Converting unstructured files to structured documents

FrameMaker provides a mapping feature to help you transfer your unstructured documents into structure. Your results depend on the following factors:

  • Document consistency. Documents that implement a formatting template consistently, with few or no formatting overrides, will convert better than documents that are full of overrides and custom paragraph or character tags.

  • Similarity between unstructured and structured documents. A new document structure that is similar to the organization in the unstructured documents eases the conversion process.

Conversion workflow

The conversion process creates structured elements from FrameMaker formatting components, such as paragraph tags, character tags, markers, cross-references, and table components.

To begin the conversion process, select an unstructured document that is representative of your typical content. Ideally, this document should contain examples of all of the formatting tags that would occur in your documents. These tags should be shown in logical sequences (as they would occur in documents), so a formatting template that shows examples of each paragraph tag in alphabetical order is not a good example document.

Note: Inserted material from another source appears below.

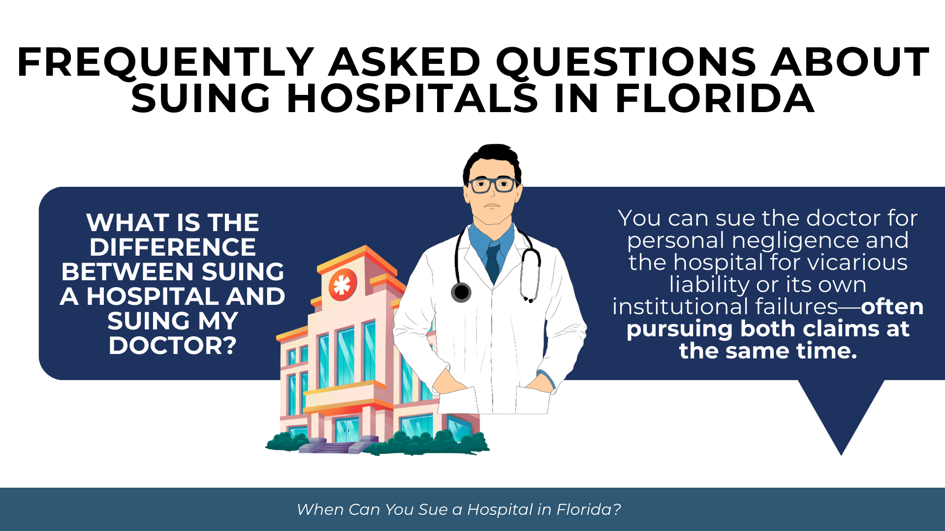 Suing the doctor targets their individual negligence in providing care. Suing the hospital targets either the hospital’s vicarious responsibility for its agents’ actions or the hospital’s own institutional failures in credentialing, supervision, or maintaining safe conditions. You can often pursue both claims simultaneously.

  1. Open the example document.

  2. Import element definitions from the EDD into the example document.

  3. Select StructureTools > Generate Conversion Table. Select Generate New Conversion Table, then click Generate.

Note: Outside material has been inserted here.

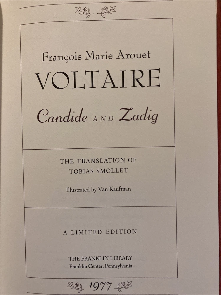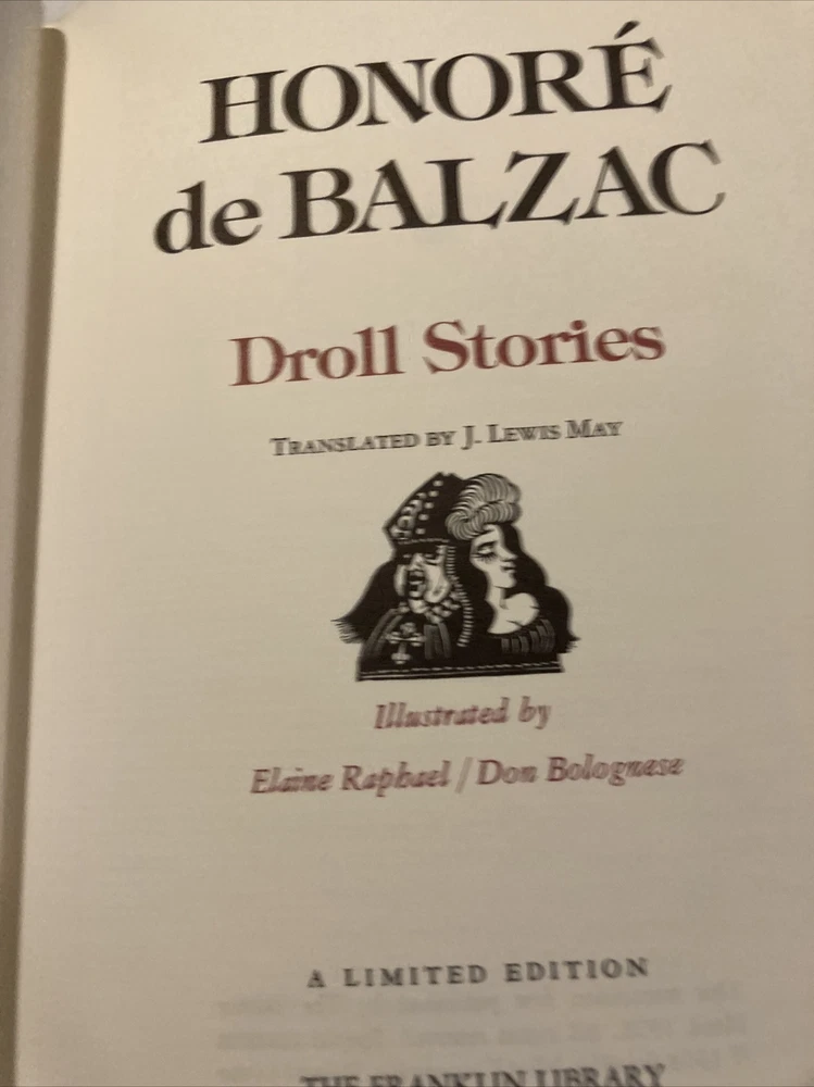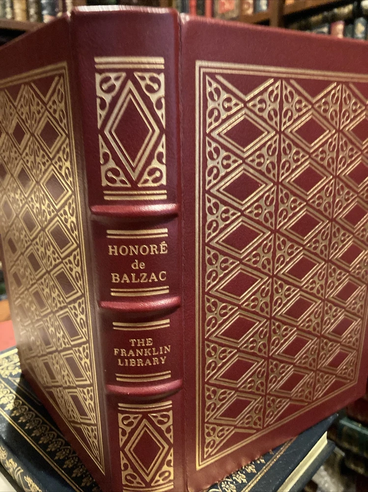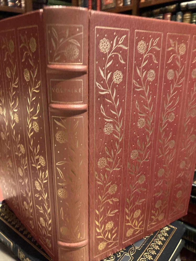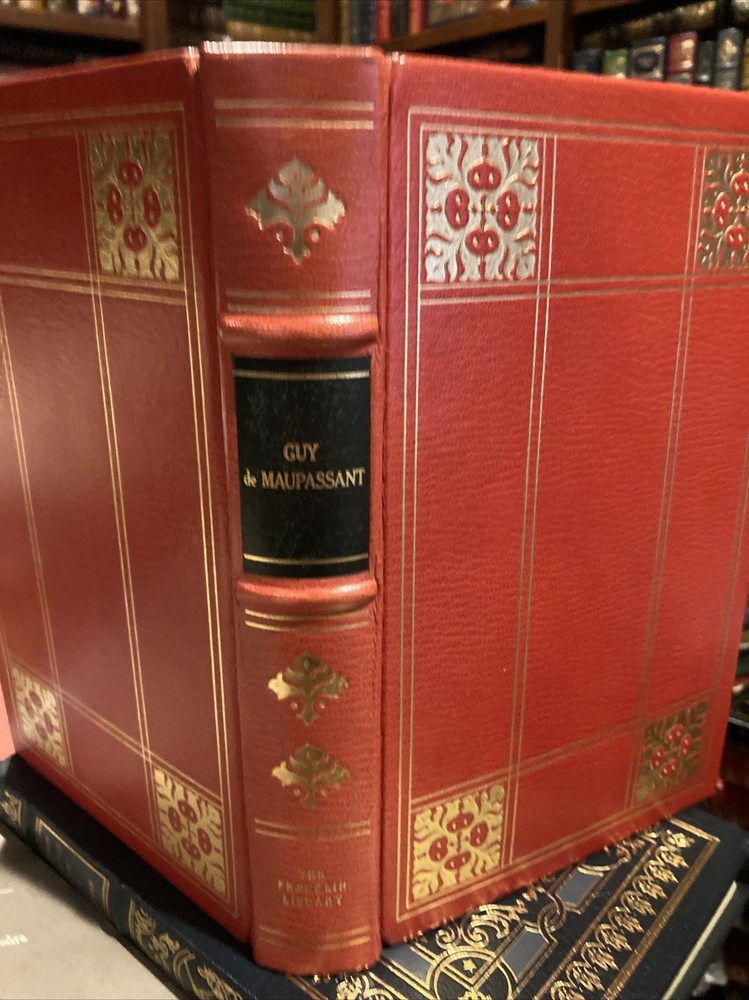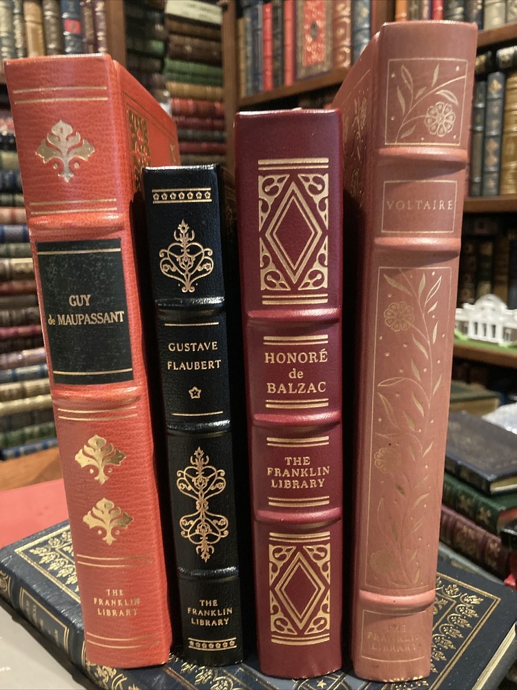Franklin Library leather edition of FOUR FRENCH WRITERS: GUSTAVE Flaubert, HONORE de BALZAC, VOLTAIRE, and GUY de MAUPASSANT----all lived and wrote in the 19th century and all were published as a part of Franklin Library's leather books. Franklin Library leather edition of Gustave Flaubert's "Three Tales," Translated by George Burnham Ives, a Limited edition, one of the COLLECTED STORIES OF THE WORLD'S GREATEST WRITERS series, published in 1981. Bound in navy blue leather, the book has navy blue moire silk end leaves, Satin book marker, hubbed spine, acid-free paper, Symth-sewn binding, gold gilding on three edges---in near FINE condition. The three stories are: "A Simple Heart," "The Legend of St. Julian the Hospitaller," and "Herodias." 199 pages. Franklin Library leather edition of Guy de Maupassant's "Stories," a Limited edition, Illustrated by Lily Harmon, one of the COLLECTED STORIES OF THE WORLD'S GREATEST WRITERS series, published in 1977. Bound in a GORGEOUS scarlet red leather, the book has a hubbed spine, acid-free paper, satin book marker, gold gilding---in FINE condition. 356 pages. Franklin Library leather edition of Honore de Balzac's "Droll Stories," a Limited edition, Translated by J. Lewis May, Illustrated by Elaine Raphael and Don Bolognese, published in 1978. Bound in brown leather, the book has all the "bells and whistles" of the Franklin series---satin book marker, acid-free paper, gold gilt---etc. 424 pages. Franklin Library leather edition of Voltaire's "Candide, or the Optimist and Zadig, a Limited edition, Translated by Tobias Smollet, Illustrated by Van Kaufman, one of the COLLECTED STORIES OF THE WORLD'S GREATEST WRITERS series, published in 1977. Bound in brick red leather, the book has burgundy moire silk end leaves, gold gilding, satin book marker, etc. 255 pages. I offer Combined shipping.

    FrameMaker scans the document and creates a list of the formatting components that occur in this document. Tags that are defined in the formatting catalogs but not used in the document are not included in the list.

    Note: FrameMaker assumes that the name of the formatting component will be the same as the name of the structure element.
  4. Modify the mapping rules to match the structure. For example, FrameMaker assumes that the formatting tag names match the element names, so in the preceding example, the Body paragraph (P:Body) is mapped to the Body element. To change this mapping, change the second column (“In this element”) to read Para instead of Body.

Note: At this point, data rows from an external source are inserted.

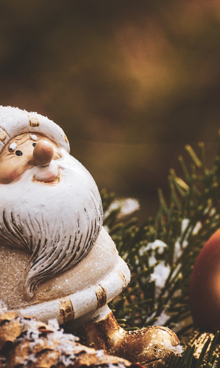 Santa Claus Beside Brown Bauble Decor HD Wallpaper - 768x1280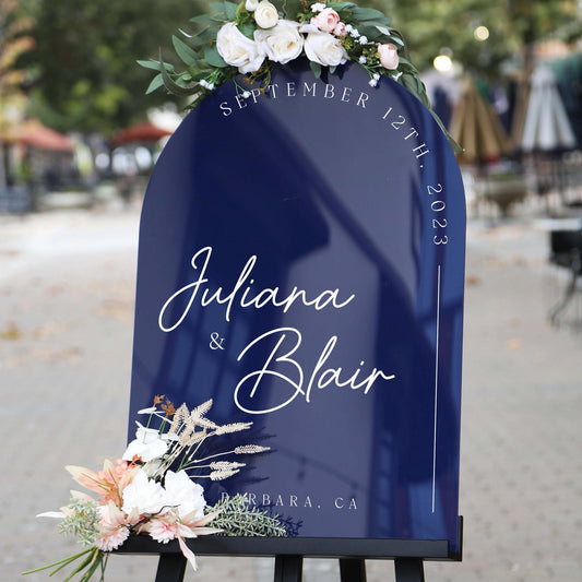 Personalized Arched Acrylic Wedding Welcome Sign (Design 1) - Modern Wedding Venue Entrance Engagement Bridal Shower Party Signage Display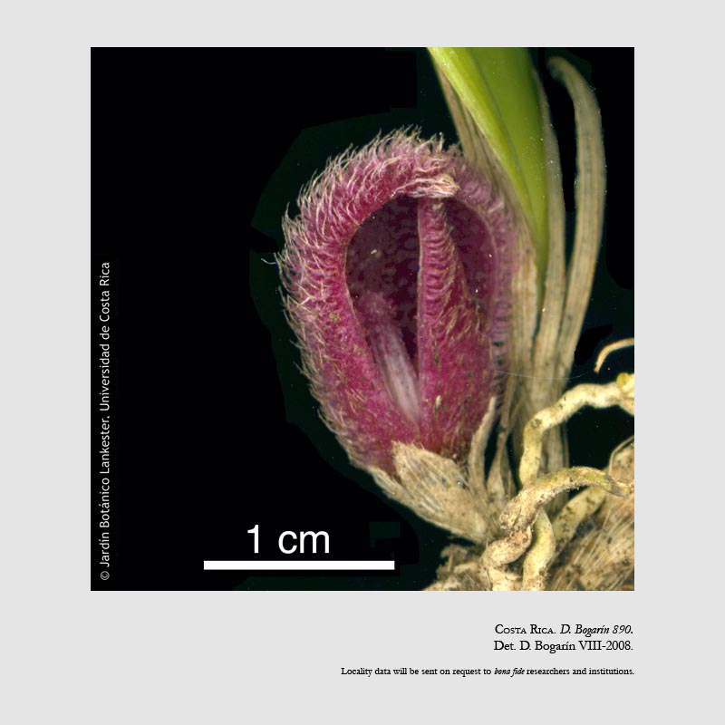 Found in Nicaragua, Costa Rica, Colombia, Venezuela and Ecuador at elevations of 300 to 1700 meters as a mini-miniature sized, hot to cool growing epiphyte with erect stout ramicauls enveloped by 3 loose, imbricating., tubular sheayths and carrying a single, apical, erect, coriaceous, narrowly ovate, acute, cuneate below into the conduplicate, sessile base leaf that blooms in the spring and summer on a single, .15" [3 mm] long, pubescent inflorescence arising from any of the lower nodes on the ramicaul and rhizome and carrying non-resupinate, pubescent flowers

  5. Once you have mapped all of the formatting components, add additional entries to the table to create hierarchy. For example, if a Section element typically contains a Heading and one or more Para elements, you add a row to the table and specify how to create the Section element.

  6. Add a root element mapping that specifies the top-level tag in the document, as shown here:

    RE:RootElement                                                Proposal
  7. Save the conversion rules table.

  8. To test the conversion rules table, open your example document, then select StructureTools > Utilities > Structure Current Document. Select the conversion rules table document in the pop-up menu, and then click Add Structure.

    FrameMaker creates a new, untitled, structured document. Keep refining and testing your conversion rules until you are satisfied with the document produced. You can add tags to the conversion rules table by typing them or by scanning additional documents.

  9. To add tags automatically:

    1. Make sure that the conversion rules table is open. Open the file that contains additional formatting components.

    2. Select StructureTools > Generate Conversion Table. Select Update Conversion Table and select your conversion rules document in the pop-up menu.

    3. Click Generate. FrameMaker scans the second sample document and adds additional formatting components to the end of the conversion rules table.

Conversion rule examples

The order in which conversion rules are listed is significant. You must go from lower-level elements to higher-level elements. For example, assume that you have the following mapping rules:

G:                                    Graphic 
P:caption                                    Caption 
E:Graphic,E: Caption                                    Figure

The rule in which Graphic and Caption are wrapped into a Figure element must occur after the rules in which Graphic and Caption are created.

If you need to map several paragraph tags to the same element and then wrap them into different parents, you use the third column for a qualifier. It’s common, for example, to have a ListItem element that’s used for both bulleted lists and numbered lists. Once the bullet and step paragraphs are wrapped in the ListItem element, you need a way to distinguish whether they belong in OrderedList or UnorderedList. To make this distinction, you use the qualifier column, as shown in the following example:

bullet                                    ListItem                                b 
step1                                    ListItem                                st 
step2+                                    ListItem                                st 
E:ListItem[b]+                                    UnorderedList 
E:ListItem[st]+                                    OrderedList

To specify the root element of a document, you use the following:

RE:RootElement                                    Chapter

You can only specify one root element per conversion table.

Graphics and tables are often anchored into the preceding paragraph in the unstructured document. When you structure the document, the Graphic and Table elements end up as children of the preceding Para element.

If you want the Graphic element to be converted as a sibling of Para (shown in the preceding figure on the right) rather than a child, use the “promote” command:

G:                                    Graphic(promote)